Kwik, Kwek en Kwak schenken de vijf gulden die Donald zou uitgeven aan hun kerstkadootjes en kunnen samen met de woudlopers nog vijf gulden bij elkaar verdienen met sneeuwruimen. Katrien kan vijf gulden bijdragen door haar kantwerk te verkopen. Donald moet dus nog tien gulden bij elkaar zien te krijgen. Hij weet daarvan vijf gulden te verdienen door een tamme rat los te laten in oom Dagobert’s geldpakhuis en vervolgens van oom Dagobert vijf gulden in rekening te brengen voor het vangen van de rat. Donald verdient ook nog een gulden doordat hij wordt aangezien voor een bedelaar. Voor het overige geld wendt hij zich tot Guus Geluk. Die houdt, vertrouwend op zijn geluk, zij hoed in de hand onder een een flatgebouw. Een grapjas gooit er een gloeiend dubbeltje in dat door zijn hoed brandt en in de sneeuw valt. Bij het oprapen van het dubbeltje vindt Guus een portemonnee. Van het vindersloon geeft hij Donald de laatste vier gulden die deze nodig heeft.

Nu volledige bedrag bij elkaar is, gooit Donald voor de grap het dubbeltje dat in Guus’ hoed viel in de hoed van oom Dagobert, die ook probeert om te worden verward voor een bedelaar. Als oom Dagobert bij thuiskomst dit dubbeltje in zijn geldpakhuis werpt, stort de grond onder het geldpakhuis in waarbij al zijn geld verdwijnt in een bodemloze put.

Wetenschappers ontdekken dat zich onder het geldpakhuis een grot bevindt waar het geld in is gestort. Onder de grot bevindt zich drijfzand, waardoor geen machines kunnen worden gebruikt om het geld van oom Dagobert te redden. De trillingen zouden ervoor zorgen dat het geld in het drijfzand verdwijnt. Kwik, Kwek en Kwak weten van een grot onder de stad, met een ingang vlakbij Krotdorp. Oom Dagobert, Donald en Kwik, Kwek en Kwak ontdekken in deze grot een smalle mollengang naar het naar beneden gestorte geld. Met hun eigen speelgoedtrein en wat rails maken Kwik, Kwek en Kwak een verbinding naar het geld. Oom Dagobert belooft de eerste speelgoedwagonlading geld die naar buiten komt aan Kwik, Kwek en Kwak. Op het wagonnetje van de speelgoedtrein komt een pakje van honderd biljetten van duizend gulden mee.

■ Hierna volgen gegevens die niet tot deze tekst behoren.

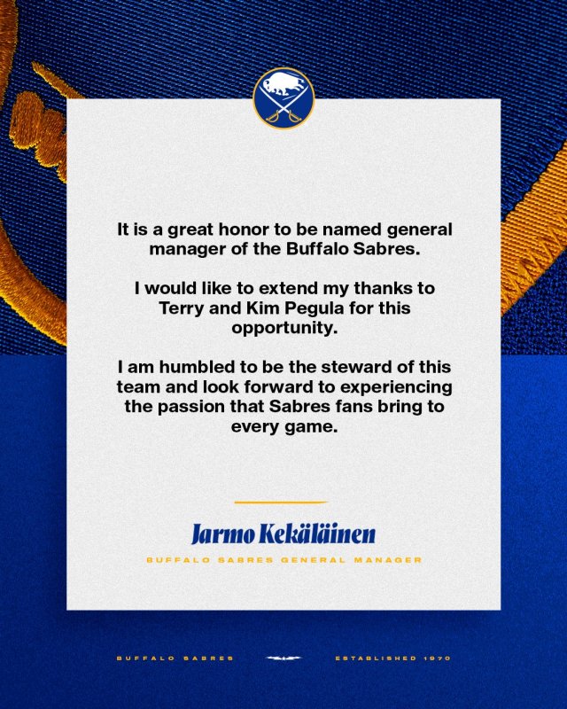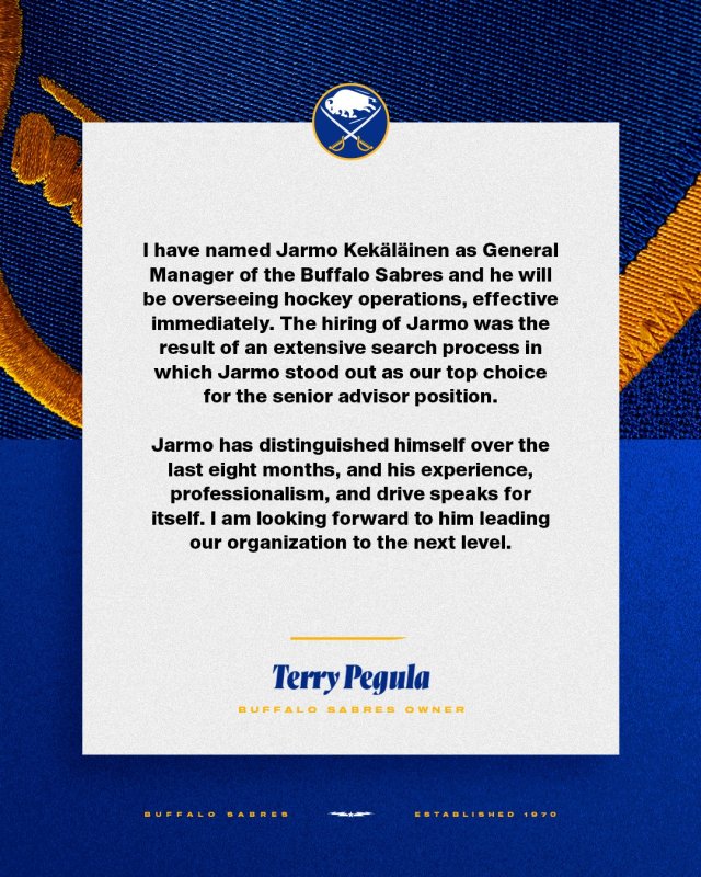“I have named Jarmo Kekäläinen as general manager of the Buffalo Sabres and he will be overseeing hockey operations, effective immediately. The hiring of Jarmo was the result of an extensive search process in which Jarmo stood out as our top choice for the senior advisor position. Jarmo has distinguished himself over the last eight months, and his experience, professionalism, and drive speaks for itself. I am looking forward to him leading our organization to the next level.”

Aan het einde van het verhaal krijgt Krotdorp van het door oom Dagobert geschonken geld een kolossaal kerstfeest met een dozijn speelgoedtreinen. Oom Dagobert haalt ondertussen langzaam zijn geld uit de grot met de speelgoedtrein, maar beklaagd zich dat het in dit tempo 272 jaar, 11 maanden, 3 weken en 4 dagen zal duren.